Segment Start: Provided material

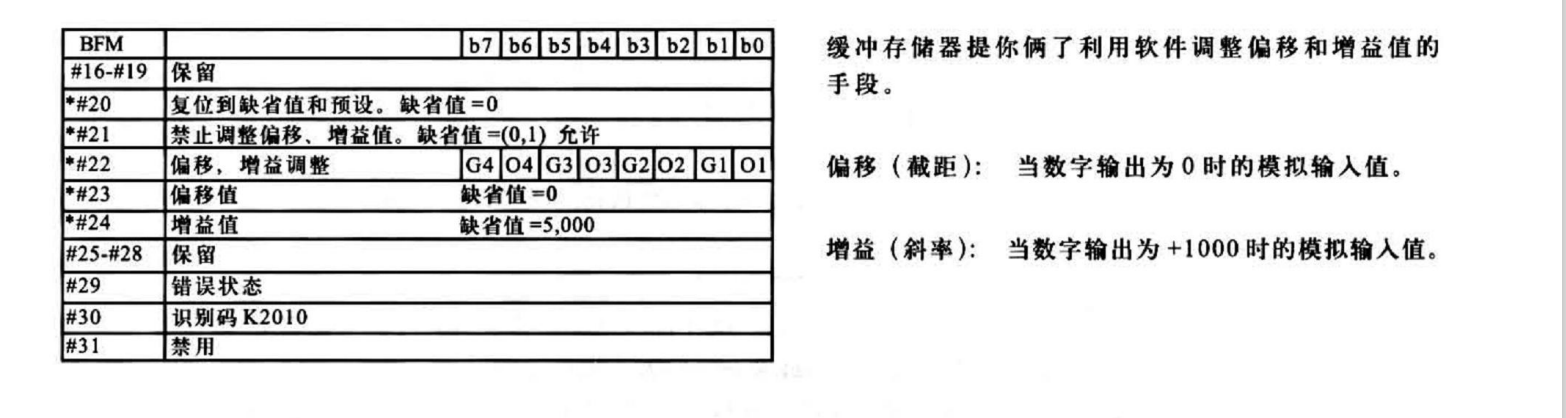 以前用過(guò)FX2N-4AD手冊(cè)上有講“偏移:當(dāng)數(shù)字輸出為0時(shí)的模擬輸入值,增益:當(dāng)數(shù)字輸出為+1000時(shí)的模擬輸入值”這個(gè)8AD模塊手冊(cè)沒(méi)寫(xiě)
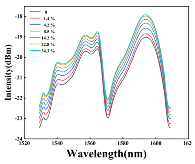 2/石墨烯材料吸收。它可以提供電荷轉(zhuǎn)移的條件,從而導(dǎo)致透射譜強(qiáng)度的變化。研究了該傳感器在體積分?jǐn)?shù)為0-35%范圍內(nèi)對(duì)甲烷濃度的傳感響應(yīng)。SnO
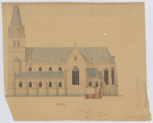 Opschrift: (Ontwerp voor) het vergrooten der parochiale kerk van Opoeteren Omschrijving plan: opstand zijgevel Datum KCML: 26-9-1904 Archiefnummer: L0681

Segment End: Provided material
Segment Start: Provided material

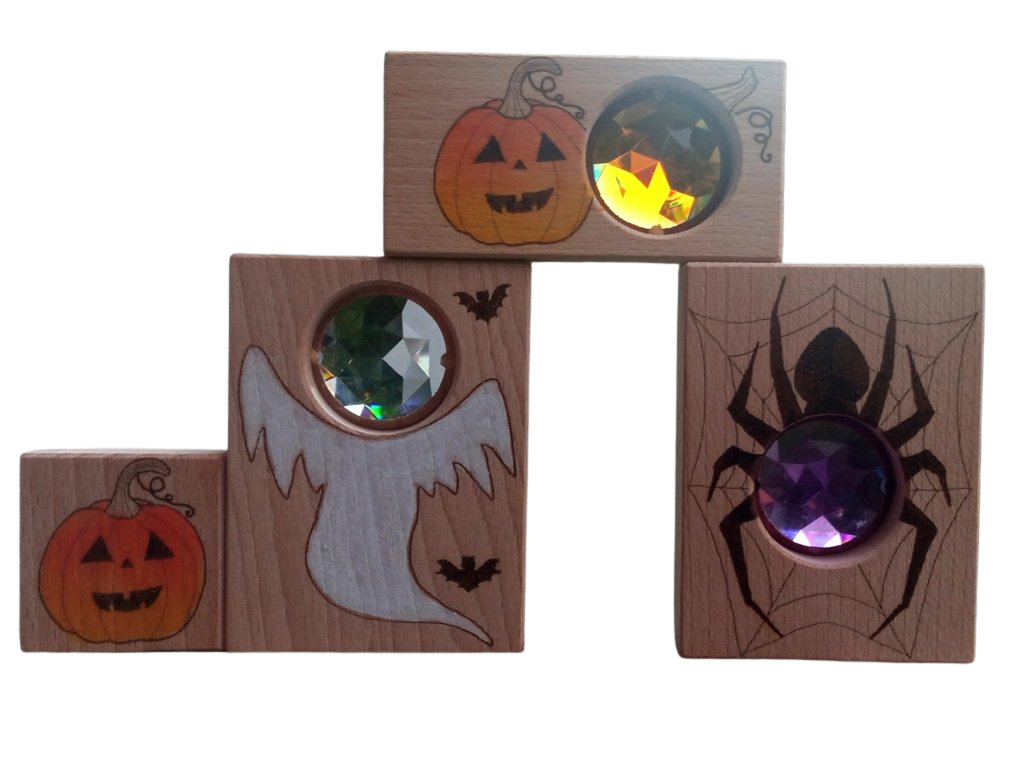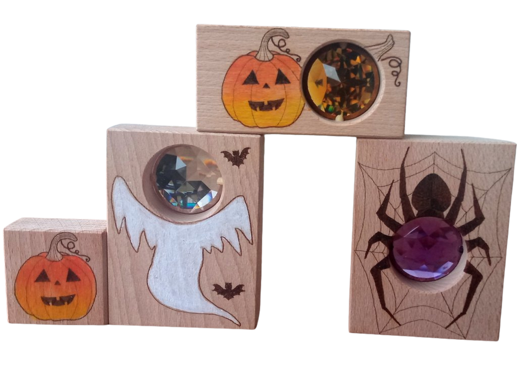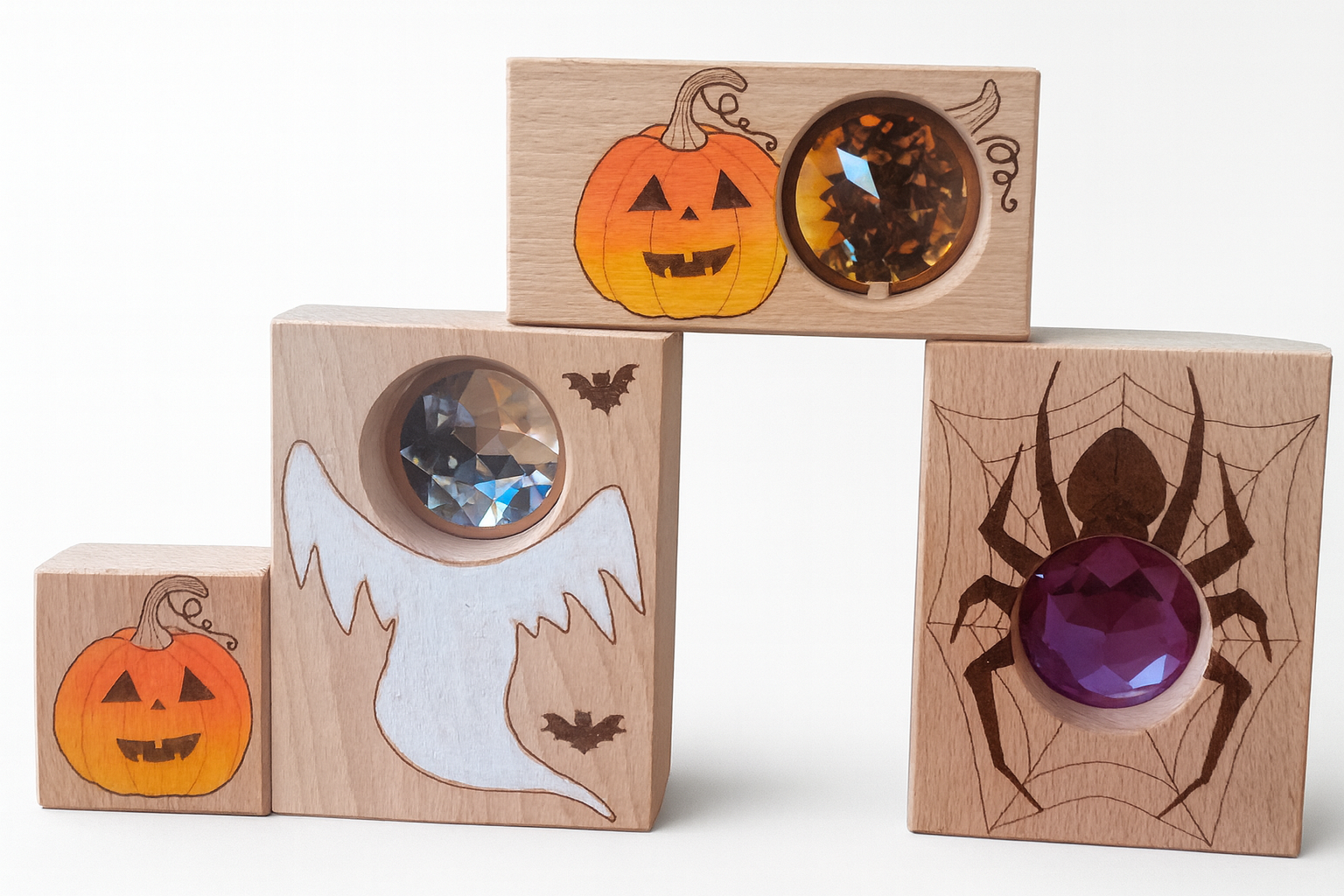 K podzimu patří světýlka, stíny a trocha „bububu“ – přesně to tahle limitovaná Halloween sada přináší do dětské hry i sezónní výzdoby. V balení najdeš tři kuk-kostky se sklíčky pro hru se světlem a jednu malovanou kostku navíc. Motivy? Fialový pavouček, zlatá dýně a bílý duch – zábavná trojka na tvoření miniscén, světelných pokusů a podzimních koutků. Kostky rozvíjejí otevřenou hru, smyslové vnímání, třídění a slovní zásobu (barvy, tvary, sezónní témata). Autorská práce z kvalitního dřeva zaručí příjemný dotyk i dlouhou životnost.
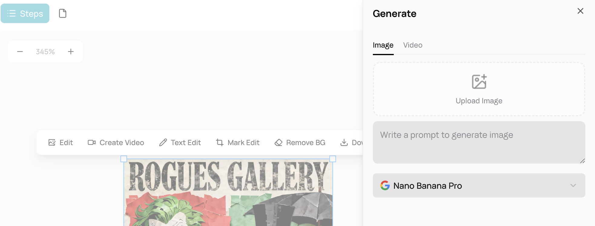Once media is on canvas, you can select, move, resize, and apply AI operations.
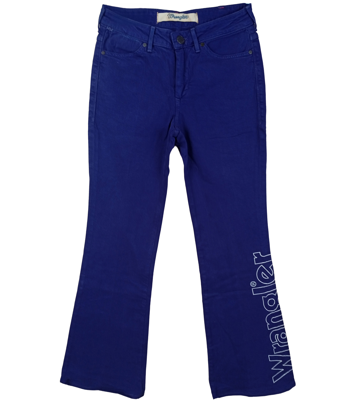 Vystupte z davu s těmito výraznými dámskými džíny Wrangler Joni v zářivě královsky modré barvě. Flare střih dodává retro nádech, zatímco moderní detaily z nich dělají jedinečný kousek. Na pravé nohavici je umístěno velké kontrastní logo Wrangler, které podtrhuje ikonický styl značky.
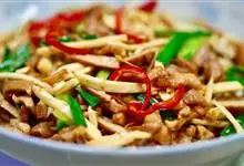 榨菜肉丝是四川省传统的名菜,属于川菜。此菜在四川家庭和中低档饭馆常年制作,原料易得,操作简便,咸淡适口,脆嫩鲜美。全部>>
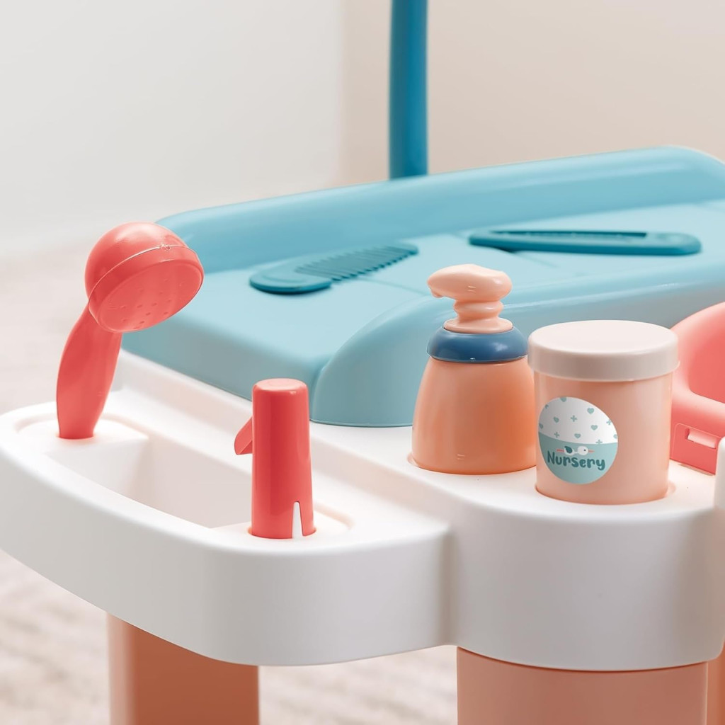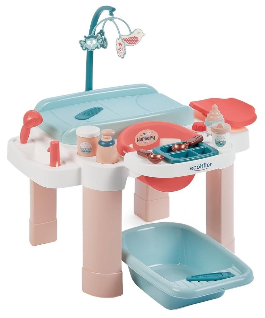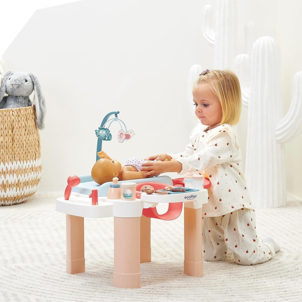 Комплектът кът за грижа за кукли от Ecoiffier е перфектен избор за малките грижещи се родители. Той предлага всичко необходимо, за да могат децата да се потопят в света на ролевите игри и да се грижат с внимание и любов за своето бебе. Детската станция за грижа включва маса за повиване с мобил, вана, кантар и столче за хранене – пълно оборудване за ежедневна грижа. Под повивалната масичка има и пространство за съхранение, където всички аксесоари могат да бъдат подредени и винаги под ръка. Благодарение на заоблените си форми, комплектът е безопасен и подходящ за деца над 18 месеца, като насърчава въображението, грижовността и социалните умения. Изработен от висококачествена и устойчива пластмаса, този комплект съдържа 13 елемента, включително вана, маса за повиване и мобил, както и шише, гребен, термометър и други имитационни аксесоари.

Segment End: Provided material
Segment Start: Provided material

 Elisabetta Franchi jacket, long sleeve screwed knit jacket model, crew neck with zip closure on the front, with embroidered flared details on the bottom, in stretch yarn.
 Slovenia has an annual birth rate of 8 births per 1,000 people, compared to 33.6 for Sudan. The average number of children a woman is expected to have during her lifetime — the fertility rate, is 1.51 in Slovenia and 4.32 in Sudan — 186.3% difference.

Segment End: Provided material

Your goal
Up in the listing, locate the line with "K podzimu patří"; print it and every line after it down to the line with "Комплектът кът за", which is included too. Skip the pictures.

Exercise answer
 K podzimu patří světýlka, stíny a trocha „bububu“ – přesně to tahle limitovaná Halloween sada přináší do dětské hry i sezónní výzdoby. V balení najdeš tři kuk-kostky se sklíčky pro hru se světlem a jednu malovanou kostku navíc. Motivy? Fialový pavouček, zlatá dýně a bílý duch – zábavná trojka na tvoření miniscén, světelných pokusů a podzimních koutků. Kostky rozvíjejí otevřenou hru, smyslové vnímání, třídění a slovní zásobu (barvy, tvary, sezónní témata). Autorská práce z kvalitního dřeva zaručí příjemný dotyk i dlouhou životnost.
Once media is on canvas, you can select, move, resize, and apply AI operations.
 Vystupte z davu s těmito výraznými dámskými džíny Wrangler Joni v zářivě královsky modré barvě. Flare střih dodává retro nádech, zatímco moderní detaily z nich dělají jedinečný kousek. Na pravé nohavici je umístěno velké kontrastní logo Wrangler, které podtrhuje ikonický styl značky.
 榨菜肉丝是四川省传统的名菜,属于川菜。此菜在四川家庭和中低档饭馆常年制作,原料易得,操作简便,咸淡适口,脆嫩鲜美。全部>>
 Комплектът кът за грижа за кукли от Ecoiffier е перфектен избор за малките грижещи се родители. Той предлага всичко необходимо, за да могат децата да се потопят в света на ролевите игри и да се грижат с внимание и любов за своето бебе. Детската станция за грижа включва маса за повиване с мобил, вана, кантар и столче за хранене – пълно оборудване за ежедневна грижа. Под повивалната масичка има и пространство за съхранение, където всички аксесоари могат да бъдат подредени и винаги под ръка. Благодарение на заоблените си форми, комплектът е безопасен и подходящ за деца над 18 месеца, като насърчава въображението, грижовността и социалните умения. Изработен от висококачествена и устойчива пластмаса, този комплект съдържа 13 елемента, включително вана, маса за повиване и мобил, както и шише, гребен, термометър и други имитационни аксесоари.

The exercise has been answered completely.